One-sentence Summary
Built on Wan 2.1's 1.3B text-to-video model, Flex4DHuman is a multi-view video diffusion model that transforms monocular or sparse multi-view video into synchronized dense multi-view videos using relative camera-pose conditioning without explicit geometry priors, utilizing a five-axis positional encoding to enable downstream creation of dynamic 4D Gaussian splats while surpassing state-of-the-art methods on DNA-Rendering and ActorsHQ.
Key Contributions
- This work introduces Flex4DHuman, a multi-view video diffusion model adapted from Wan 2.1 that conditions generation on relative camera-pose positional encoding instead of explicit geometry priors like skeletons or depth maps. The architecture employs a five-axis positional encoding scheme to extend spatio-temporal RoPE with view indices and continuous SE(3) relative camera geometry.
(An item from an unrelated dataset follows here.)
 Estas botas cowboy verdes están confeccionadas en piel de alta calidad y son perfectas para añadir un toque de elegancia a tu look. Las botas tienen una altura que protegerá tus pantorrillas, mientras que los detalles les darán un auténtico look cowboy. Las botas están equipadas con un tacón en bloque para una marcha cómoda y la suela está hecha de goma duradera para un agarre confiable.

- The framework supports flexible synchronized generation with monocular or variable sparse-view inputs, arbitrary target viewpoints, and temporal rollout capabilities. A three-stage curriculum training process ensures robust cross-view consistency and stable temporal performance across different reference views.
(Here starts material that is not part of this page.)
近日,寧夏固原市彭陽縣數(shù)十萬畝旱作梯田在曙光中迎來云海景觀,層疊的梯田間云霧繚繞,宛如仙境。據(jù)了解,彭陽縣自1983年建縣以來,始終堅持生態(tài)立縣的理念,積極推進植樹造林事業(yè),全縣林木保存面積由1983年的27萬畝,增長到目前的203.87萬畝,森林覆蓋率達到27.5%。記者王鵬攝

- Generated synchronized multi-view videos are sufficiently consistent for downstream dynamic 4D Gaussian Splatting reconstruction to create dynamic 3D assets from single static-camera recordings. Evaluation on DNA-Rendering and ActorsHQ benchmarks demonstrates that the method surpasses prior state-of-the-art approaches and generalizes to animal categories after mixed training.
Introduction
Generating synchronized multi-view videos is essential for reconstructing dynamic 4D assets used in simulation and AR. Existing methods typically rely on explicit geometry priors like skeletons or depth maps to condition diffusion models. These requirements propagate estimation errors and restrict generalization to human-specific models or fixed camera configurations. The authors introduce Flex4DHuman, a flexible multi-view video diffusion framework that removes the need for explicit geometry during training or inference. Instead, the model conditions generation on relative camera-pose encoding to synthesize consistent novel views from monocular or sparse inputs. This approach enables a direct pipeline from single-camera recordings to dynamic 4D Gaussian splats while generalizing to non-human subjects.
Dataset
-
Dataset Composition and Sources
- The authors utilize three multi-view video datasets: DNA-Rendering, ActorsHQ, and the Dynamic Furry Animals (DFA) dataset.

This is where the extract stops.